Sapeva di avere scoperchiato una pentola bollente, nella quale era possibile mettere le mani sui traffici illeciti del clan dei corleonesi che avevano deciso di dare l’assalto alla diligenza della città. Per questo doveva essere eliminato.
Ma la sua eliminazione non doveva passare inosservata. “Doveva” avvenire in maniera eclatante, davanti a tutti e nel posto dove tutti potessero vedere. Difficile trovare un posto “migliore” di piazza Canale, la sera dei festeggiamenti del Santissimo Crocifisso, gremita da migliaia di persone, così come avviene ogni anno, quando tutta Monreale è in strada per festeggiare il Santo Patrono.
Basile aveva partecipato al ricevimento che si era tenuto a Palazzo di Città e stava tornando a casa, assieme alla moglie ed alla figlioletta Barbara, che allora aveva quattro anni.
I killer lo aspettavano al varco, sapendo che avrebbe percorso il tragitto di via Pietro Novelli, per arrivare in caserma (l’attuale Comando della Polizia Municipale), che dista poche decine di metri dal luogo dove l’ufficiale fu ucciso.

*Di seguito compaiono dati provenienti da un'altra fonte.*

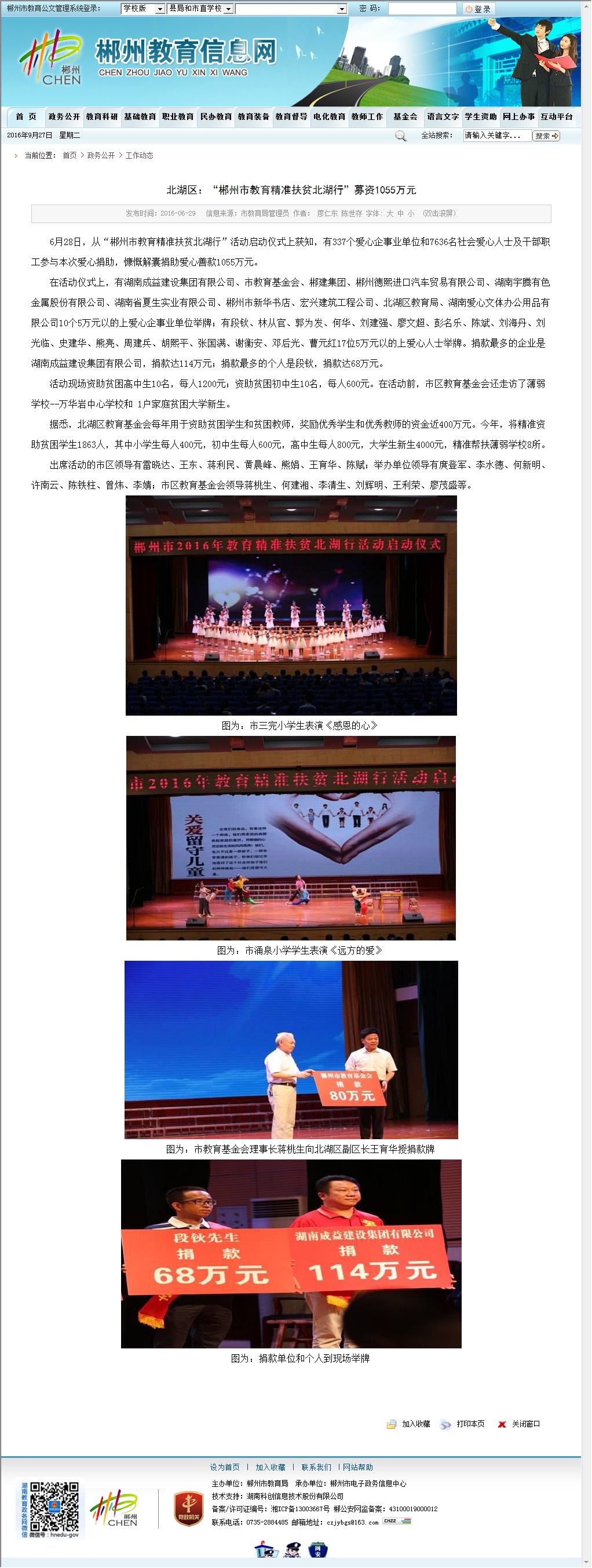 6月28日,从“郴州市教育精准扶贫北湖行”活动启动仪式上获知,有337个爱心企事业单位和7636名社会爱心人士及干部职工参与本次爱心捐助,慷慨解囊捐助爱心善款1055万元。
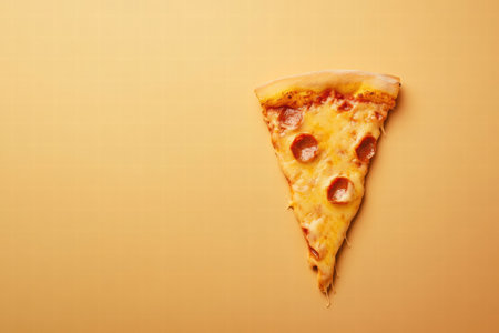 This visually appealing pizza slice features vibrant toppings and dripping cheese on a clean, minimalist background, perfect for food presentations.
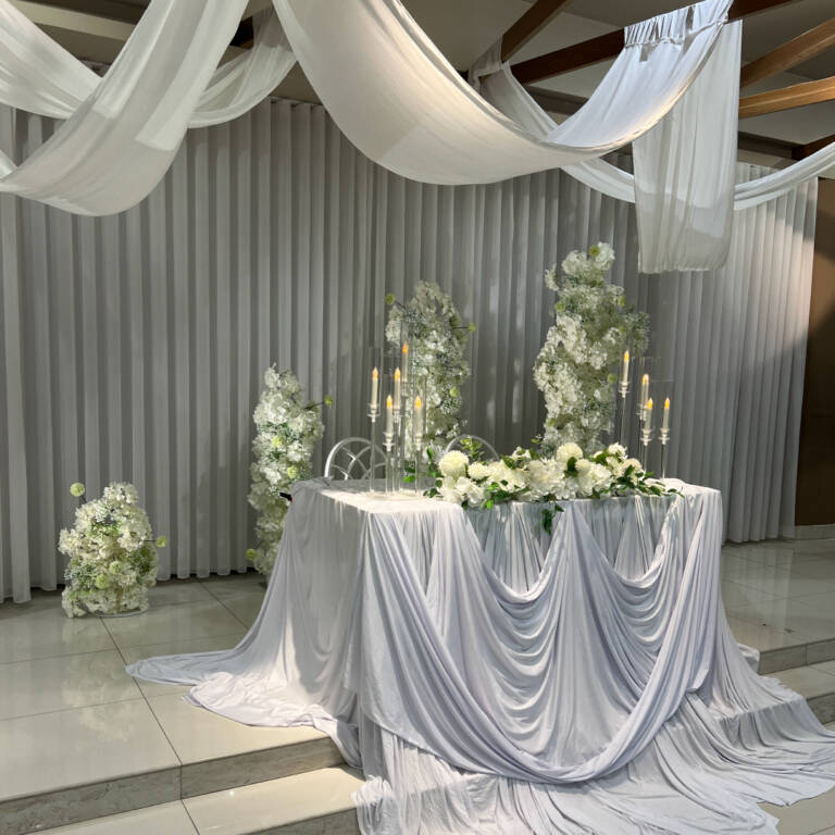 Serenata is an elegant wedding decor designed exclusively for weddings, created to bring a romantic, luxurious, and timeless atmosphere to your special day. The combination of soft white drapery, rich floral arrangements, and candlelight details creates a clean and sophisticated setting, perfect for unforgettable wedding moments and beautiful photos.
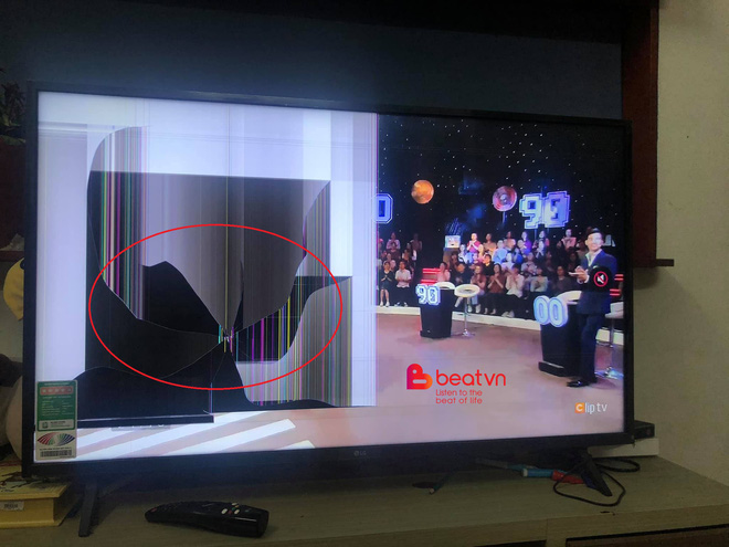Sau khi xảy ra đôi ba câu qua lại thì cô vợ tức quá đi thẳng ra chỗ để chiếc tivi cầm gậy đập giữa màn hình. Chiếc tivi đang lành lặn thì bỗng nứt vỡ.
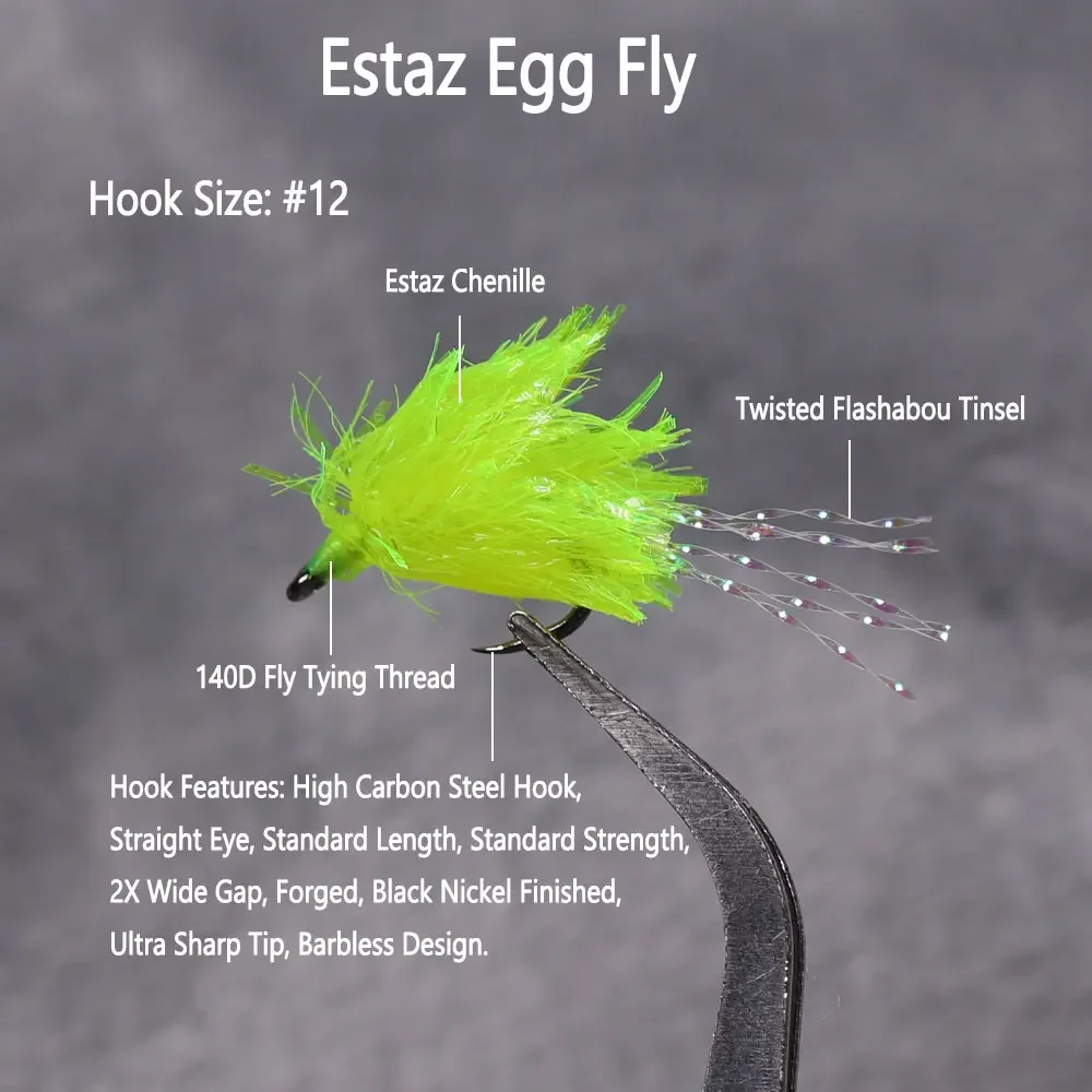The estaz egg is a synthetic fly that imitates trout and salmon. The estaz material sparkles and shines in the water bringing fish in from near and far. All sorts of fish eat eggs but these flies are especially effective for trout and salmon. Both wild fish and stocked fish will hit these flies even when fish are not actually laying eggs.
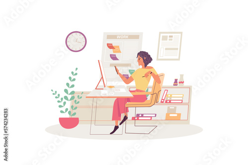 Home office vector website template, web page and landing page design for website and mobile site development. Young mom working on laptop sitting at table at home. Freelance remote work concept.
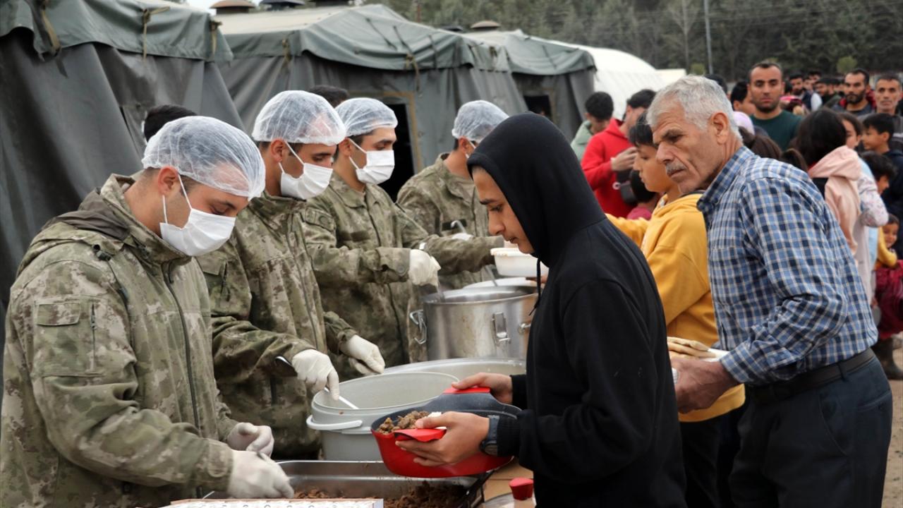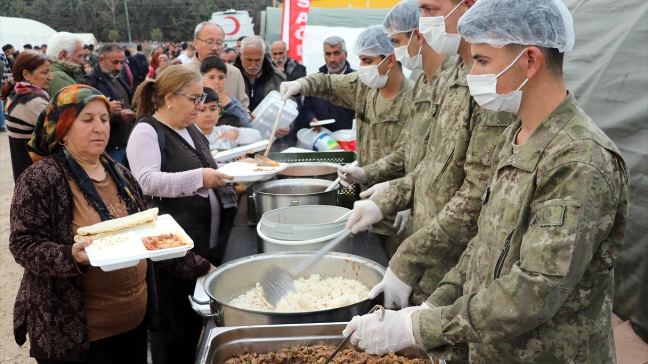 Çadır kentte barınma alanları oluşturan Mehmetçik, ayrıca TSK okulu, sahra mutfağı, ekmek fırını, banyo gibi sosyal donatılarla depremzedelerin günlük yaşamını sürdürmesine yardım ediyor
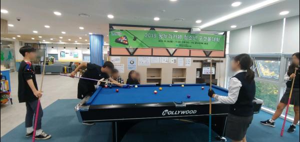 의왕시 오전동주민센터에 위치한 꿈누리카페 3호점에서 청소년들을 위한‘청소년 포켓볼대회’가 열렸다.
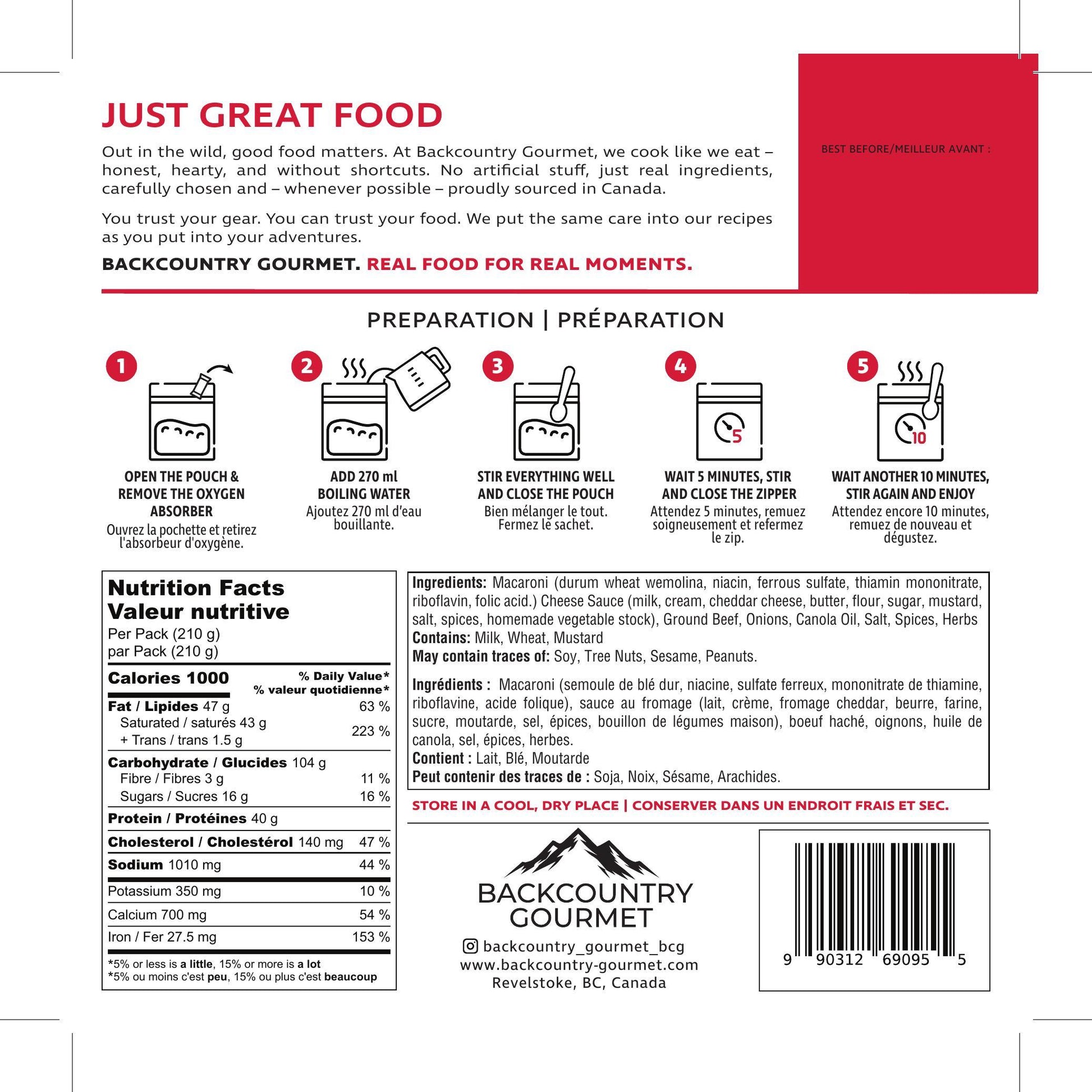 Comfort food at its best. Tender macaroni coated in a creamy cheddar cheese sauce, enriched with butter and paired with seasoned ground beef. Bold, hearty, and satisfying – perfect for your next adventure or an easy meal at home.
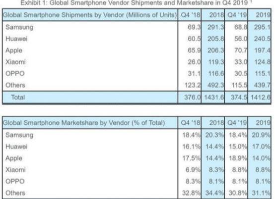 据相关媒体数据显示,在智能手机出货量排名中三星、华为、苹果、小米与OPPO分别为世界前五名,据统计他们的市场总额已经达到68.9%,还记得之前榜单中的vivo智能手机吗?现在销量已经下滑到其他手机厂商之列了。
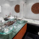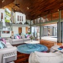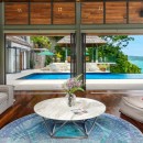 Step into the villa through its dramatic entrance, featuring an indoor balcony that allows you to admire the entire tropical interior in all its grandeur. Vibrant rugs, contemporary art, and sculptures add a touch of excitement and complement the villa's allure.
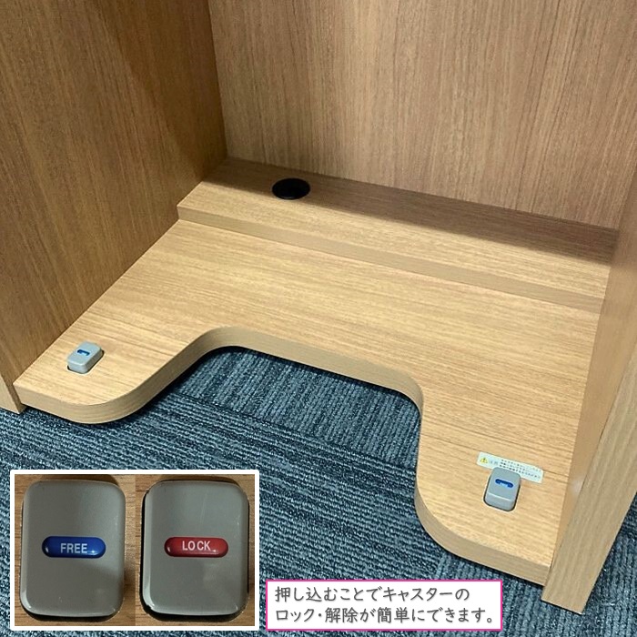 キャスター付きで移動も手軽に行なえ、配線孔もありモバイル対応可能です。
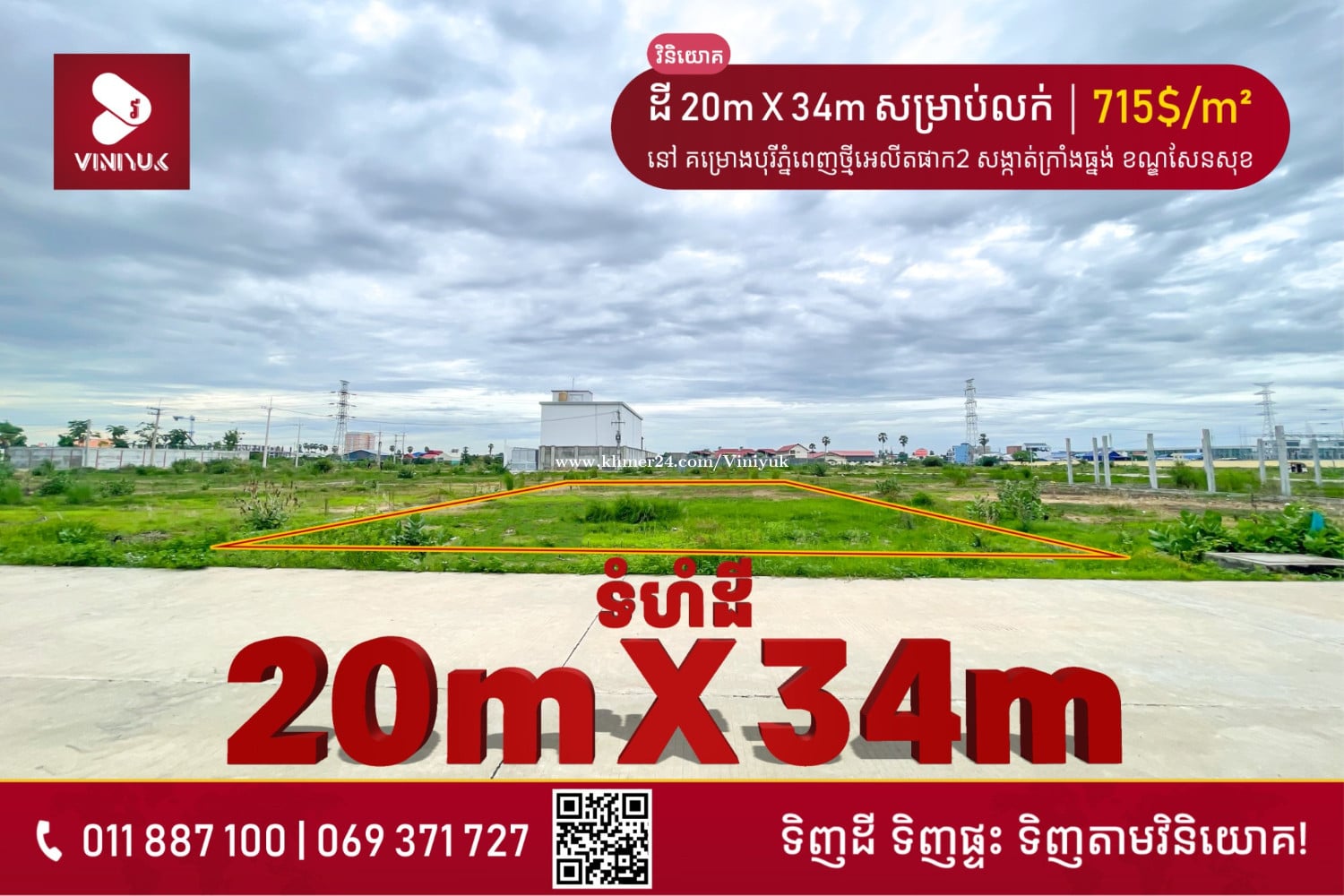 ដី សម្រាប់លក់ !! - ទីតាំង ៖ នៅសង្កាត់ក្រាំងធ្នង់ ខណ្ឌសែនសុខ គម្រោងបុរីភ្នំពេញថ្មីអេលីតផាក2 - ទំហំ ៖ 20m X 34m (ក្នុងប្លង់រឹង680ម៉ែត្រការ៉េ) - តម្លៃ ៖ 715$/m² (ចរចា) - ប្លង់រឹង L-Map - ផ្លូវមុខដីទំហំ 8ម៉ែត្រ - លេខអាជ្ញាប័ណ្ណ : E-22-404

Si confusero tra la folla, bivaccando nei locali vicini. Quando il capitano passò da lì partì la raffica di colpi che non gli diedero scampo. Basile, istintivamente, forse in un estremo ed eroico atto di protezione paterna, fece scudo col corpo, evitando che i colpi raggiugessero la figlioletta che teneva in braccio. Una delle pallottole raggiunse pure la moglie, “miracolata”, si disse, da un fregio d’argento che ornava la sua borsa e che evitò che lo sparo arrivasse al suo corpo.
Ci furono scene di panico indescrivibile, un comprensibile fuggi fuggi generale che in tanti ancora ricordano bene. Il cadavere dell’ufficiale tarantino, poco più che trentenne, però era rimasto sul selciato e con esso il terrore dei monrealesi perbene che con la fine del carabiniere vedevano cadere le loro speranze di riscatto e di liberazione dal giogo mafioso.
Da quel giorno, poi, cominciò una lunghissima storia processuale per arrivare ad individuare i colpevoli dell’agguato mafioso ordito ai danni dell’ufficiale. Alla fine emerse che il commando era composto da Vincenzo Puccio (poi assassinato nel carcere dell'Ucciardone a colpi di bistecchiera), Armando Bonanno (successivamente "inghiottito" dalla lupara bianca) e Giuseppe Madonia, della "famiglia" di Resuttana. A fornire il supporto logistico, invece, fu Giovanni Brusca, così come egli stesso ammise.
Monreale, ancora oggi, ricorda il capitano Emanuele Basile nella toponomastica comunale: a lui è intitolata una piazzetta adiacente la via Venero, ma soprattutto a lui è stato intitolato il liceo classico, tre anni dopo la sua scomparsa.